Department of Zoonoses, Institute of Rural Health, Lublin, Poland
Ann Agric Environ Med. 2012;19(2):285–288
Blood serum samples collected from randomly selected groups of 100 persons inhabiting rural community ‘A’ located in eastern Poland and exposed to floods by the Vistula river, and 98 persons inhabiting rural community ‘B’, also located in eastern Poland, but in the area not exposed to floods were examined by the microscopic agglutination test (MAT) for the presence of antibodies against 18 Leptospira serovars. Positive results showed 3% of serum samples collected from community ‘A’, while the seroprevalence in community ‘B’ was 9.2%, being insignificantly higher than in community ‘A’. For both examined communities (n=198), a significant positive correlation was found between the prevalence and titer of seropositive response and age of examined people (r=0.145, p=0.042).
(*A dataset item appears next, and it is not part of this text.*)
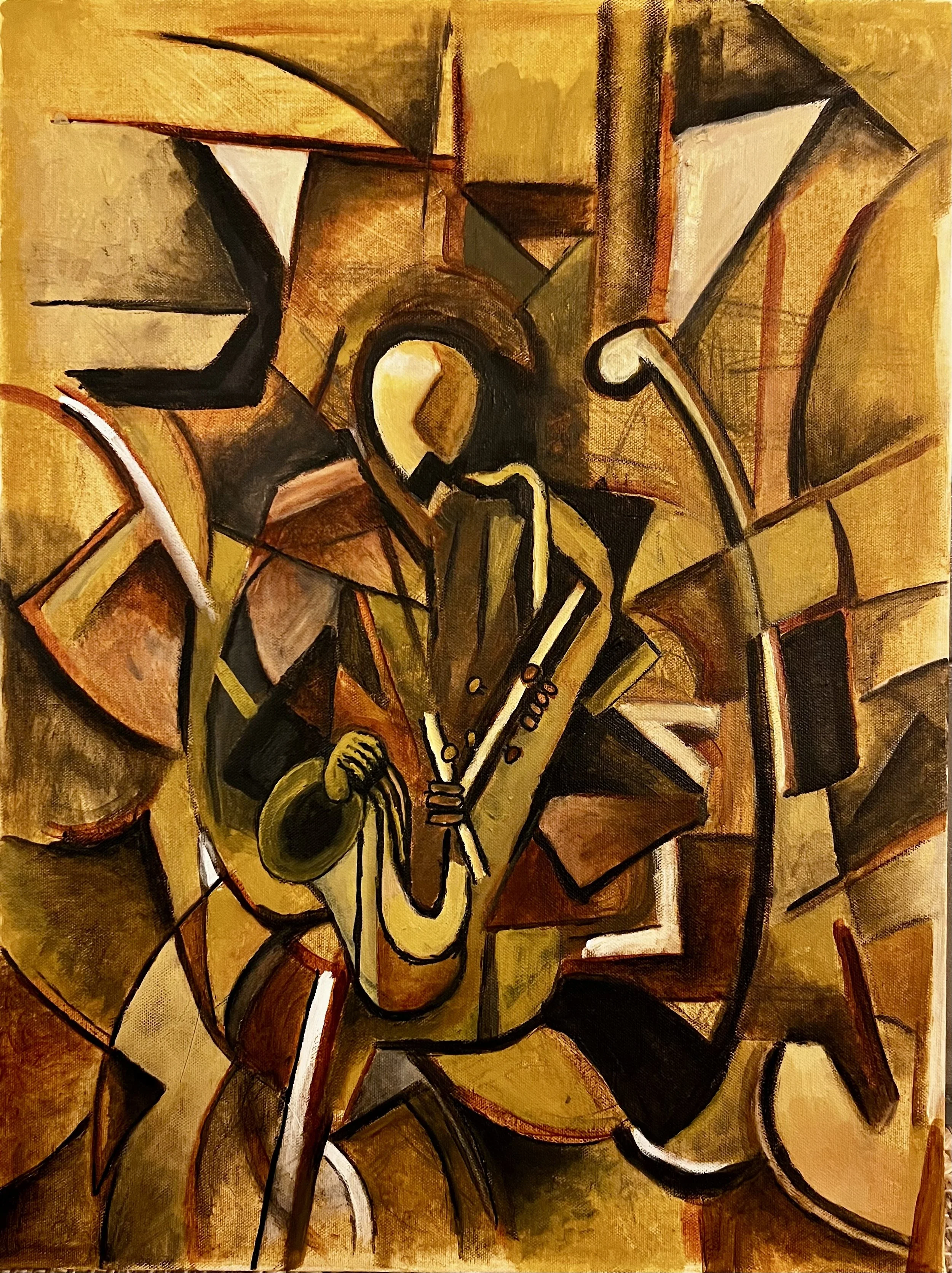 A striking celebration of music and abstraction, Cubist Serenade reimagines the timeless figure of the jazz musician through a cubist lens. Angular forms and warm golden tones converge to create rhythm and harmony on canvas, echoing the improvisational spirit of jazz itself.

No significant differences were found between the prevalence of positive reactions in males and females (p>0.05). The reactions with 10 serovars of Leptospira (Australis, Autumnalis, Hebdomadis, Hardjo, Sejroe, Zanoni, Bataviae, Bratislava, Canicola and Grippotyphosa), belonging to 3 species (L. interrogans, L. borgpetersenii, L. kirschneri), were found in the examined communities. From both communities, of 12 persons demonstrating positive results in MAT, 9 showed reaction with one serovar, 2 with two serovars and 1 with three serovars. The highest titers found during the examination did not exceeded 800. In conclusion, our results suggest that there is only a slight, if any, hazard of an leptospirosis epidemic after the flood that afflicted eastern Poland in the year 2010 and the general epidemiological situation of leptospirosis in eastern Poland. Although there does not seem to be any cause for concern, further research is needed.